Katherine Maher is the former CEO and Executive Director of the Wikimedia Foundation, responsible for Wikipedia. She is currently a non-resident Senior Fellow at the Atlantic Council, where her work focuses on the intersection of technology, human rights, and democracy. Prior to Wikimedia, she was the Director of Advocacy for the digital rights organization Access Now. Maher is a term member of the Council on Foreign Relations, a World Economic Forum Young Global Leader, and a security fellow at the Truman National Security Project.

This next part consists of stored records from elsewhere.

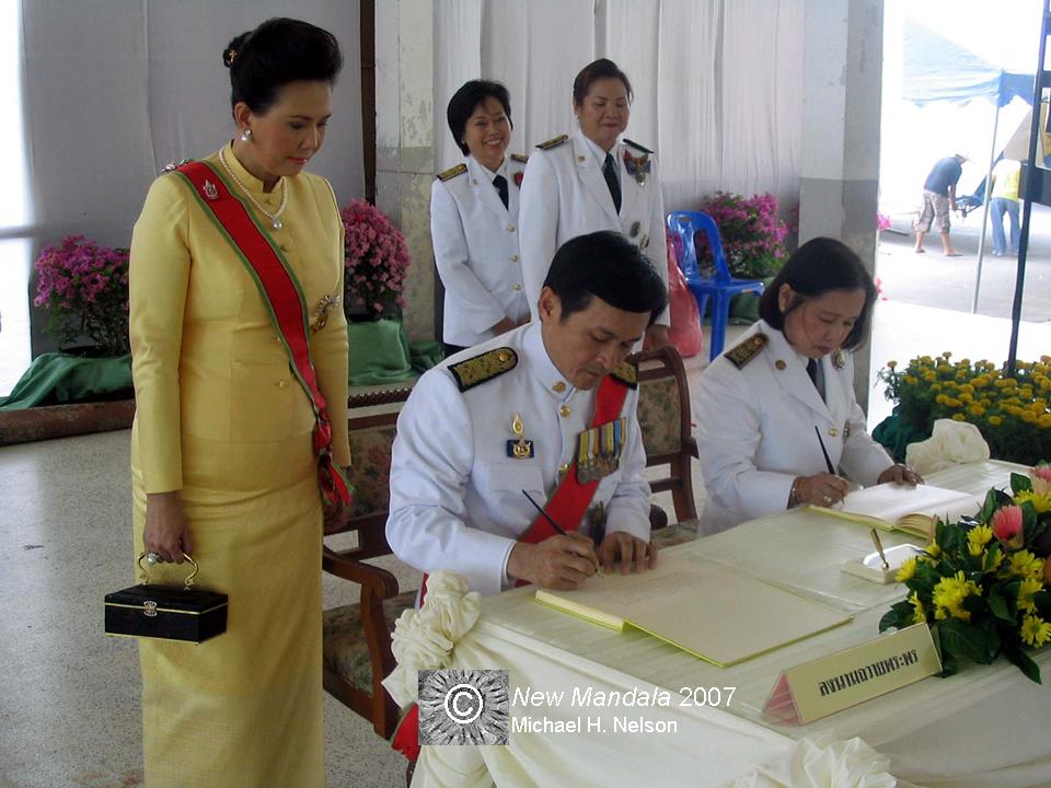 After this merit making ceremony, the proceedings moved to inside sala thai, which is an open multi-purpose hall. It will also be used for advance voting on December 15-16 for those voters who do not want to return to their provinces for the election. For some time before the official ceremony started, a table with two chairs and two albums was placed opposite a huge picture of the King so that mainly civil servants wearing white uniforms could write down their best birthday wishes to the King. All the while, groups of civil servants had pictures taken in front of the picture of the King. The official part started when the provincial governor arrived to perform this same act. Picture 3 shows him observing his wife adding her best wishes.
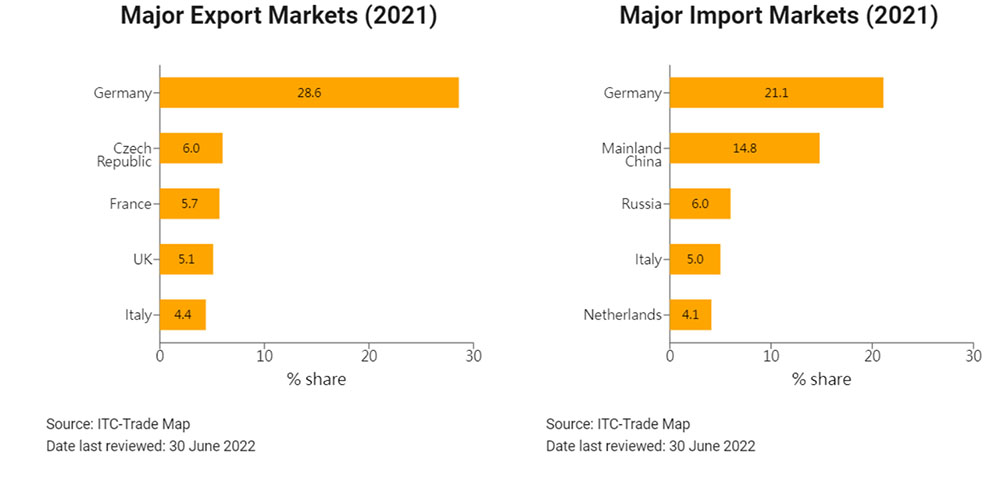 波蘭的主要貿(mào)易伙伴集中于歐洲地區(qū),2021年德國仍是波蘭最大貿(mào)易伙伴、最大出口市場和最大進口來源地。中國是波蘭第二大進口來源地。
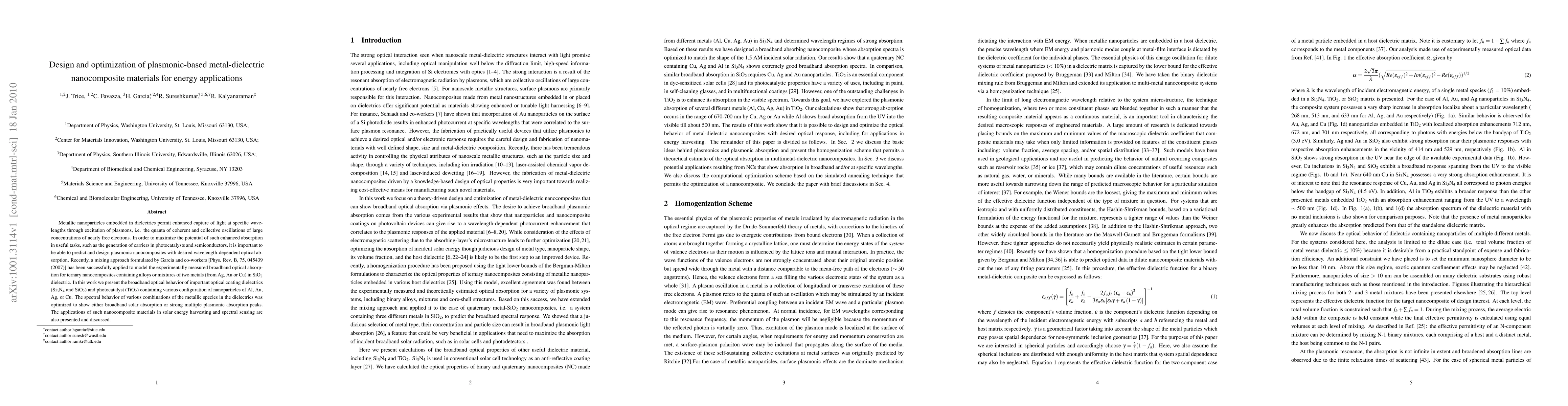 Metallic nanoparticles embedded in dielectrics permit enhanced capture of light at specific wavelengths through excitation of plasmons, i.e. the quanta of coherent and collective oscillations of large concentrations of nearly free electrons. In order to maximize the potential of such enhanced absorption in useful tasks, such as the generation of carriers in photocatalysts and semiconductors, it is important to be able to predict and design plasmonic nanocomposites with desired wavelength-dependent optical absorption. Recently, a mixing approach formulated by Garcia and co-workers [Phys. Rev. B, 75, 045439 (2007)] has been successfully applied to model the experimentally measured broadband optical absorption for ternary nanocomposites containing alloys or mixtures of two metals (from Ag, Au or Cu) in SiO dielectric. In this work we present the broadband optical behavior of important optical coating dielectrics (SiN and SiO) and photocatalyst (TiO) containing various configuration of nanoparticles of Al, Au, Ag, or Cu. The spectral behavior of various combinations of the metallic species in the dielectrics was optimized to show either broadband solar absorption or strong multiple plasmonic absorption peaks. The applications of such nanocomposite materials in solar energy harvesting and spectral sensing are also presented and discussed.
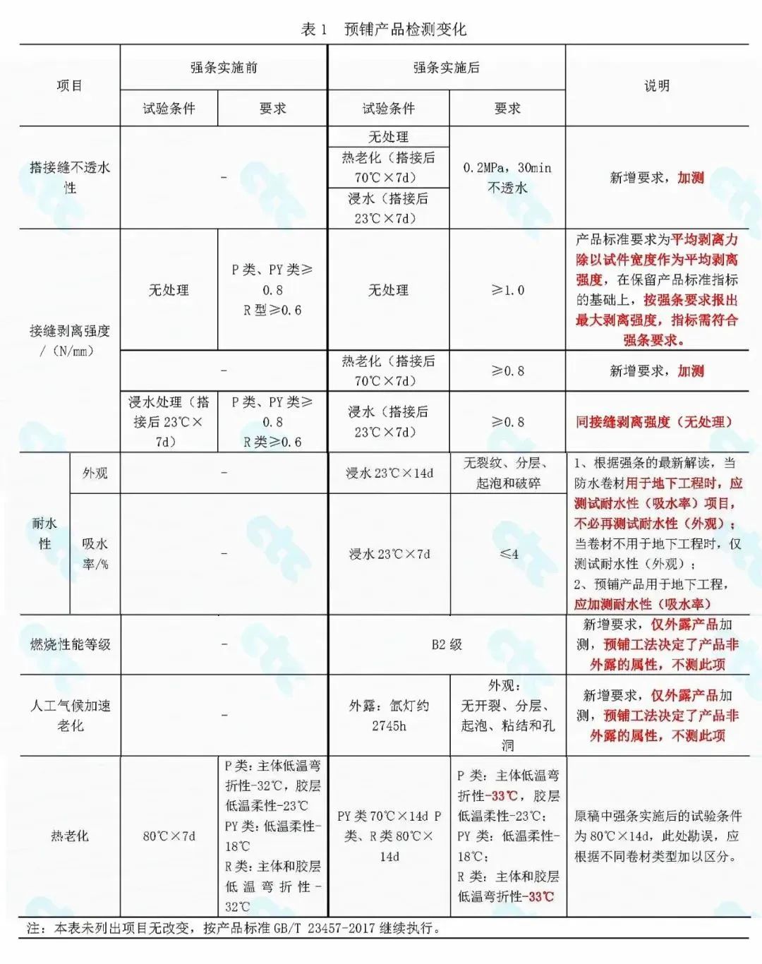 預鋪防水卷材(執行標準為GB/T 23457—2017《預鋪防水卷材》)。預鋪防水卷材施工完成后,在混凝土澆注前,會有一段暴露時間,因此產品標準規定了“與后澆混凝土剝離強度(紫外線處理)”,采用的也是氙弧燈老化試驗方法,但這與強條提出外露防水材料人工氣候加速老化試驗并無關聯。本質上,預鋪防水材料還是非外露材料,不涉及強條規定外露使用的相關要求。
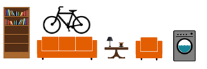 Furniture and boxes from a 2-3 bedroom apartment/house. Refrigerator or washer and dryer, dining room set, couch & loveseat.
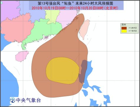 今年第13號(hào)超強(qiáng)臺(tái)風(fēng)“鲇魚”已于10月18日20時(shí)在菲律賓呂宋島北部減弱為強(qiáng)臺(tái)風(fēng),18日22時(shí)前后進(jìn)入南海東部海面。19日05時(shí)強(qiáng)臺(tái)風(fēng)“鲇魚”的中心位于南海東部海面上,就是北緯16.8度,東經(jīng)118.8度,中心附近最大風(fēng)力有15級(jí)(50米/秒),中心最低氣壓為945百帕。
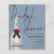 A budget price paper alternative. Does not include envelopes but there is an option to add them if you wish. A modern design with a silver Champagne Bottle with stylish handwriting style black set script Bridal Shower overlapping slightly and a dusty blue background on each side. Easily personalise the rest of the details. You can also change text and background colours on either side if you wish via the Customise Further option.
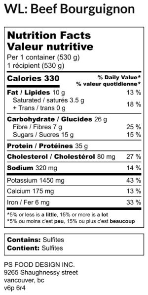 Hover For Ingredients AAA sirloin strips, mushrooms, walnuts, carrots, Spanish onion, garlic, red wine, house made vegetable stock, tomato paste, thyme, chickpea flour, cornstarch, olive oil, vegan butter, salt, black pepper, zucchini noodles, herbs & spices0 out of 5$19.25 Read more Login or Register to BuyDescription:AAA sirloin strips simmered with red wine, tomatoes, root veggies, walnuts, mushrooms and herbs served with fresh zucchini noodles

While I would normally avoid blanket affiliations as a flag, both Moxie and Meredith Whittaker (Current CEO of Signal) have made public statements about Maher. Instead of addressing their audience’s concerns with her being on the board, they cited that neither she nor any affiliates would be able to tamper with the software due to how Signal was built.
This does not instill trust from my perspective, when the founder and acting CEO are alluding to the tamper resistance of their cryptography & software to deter subversion from an insider threat. The code can change.
Matthew Rosenfeld’s (Moxie) statement
On April 18th, 2024, Moxie made the following post on X:
“I’m no longer involved at Signal. While I may wish a lot of different things for it, the whole point of the project is that you don’t have to trust your communication to anyone.”
This statement signals his own distrust in the new members of the foundation. His faith lies in the underlying cryptography, which could be subverted. For instance, assuming that the changed hands of Signal hypothetically wanted, they could attempt the following:
- Downgrade their cryptographic implementations
- Inject malicious code from server to client
- Run proprietary code on their infrastructure
And again, I am not suggesting this is in fact the case, but these are all possibilities had malicious parties gained access to the code/infrastructure. We could hope that good actors would timely identify a plot when/if it should occur, but there is always the risk that such a plot would fall on deaf ears.
Privacy Policy
From Signal’s Privacy Policy:
Information we may share
Third Parties: We work with third parties to provide some of our Services. For example, our Third-Party Providers send a verification code to your phone number when you register for our Services. These providers are bound by their Privacy Policies to safeguard that information.
Effective as of May 25, 2018, Updated May 25, 2018
The third party providers were never disclosed, nor did they explain how that data is used and stored. Exposing metadata has its consequences.
To Signal’s defense, they did contact the impacted 1900 users directly when Twilio was breached.
Signal’s public disclosure - [1]. [2].
This ultimately ties back into the problem with exposed phone numbers and the trust you’re willing to extend with more hands in the pot. Should a platform emphasizing its ability to protect under high stakes, such as journalism, be exposing its users to this added attack surface?
Wrap Up
Through the lack of transparency with respect to funding, collected / shared metadata with unnamed third parties, concerning connections, and questionable integrations, the appeal of Signal begins to be weakened. As someone who has spent quite a lot of time being an advocate for Signal, along with having friends and family sign-up for the platform to enjoy surveillance-free, ephemeral discussions, I would like to hope that these concerns are all negligible and unfounded.
Are you driving through the trees? As you seem to be losing signal.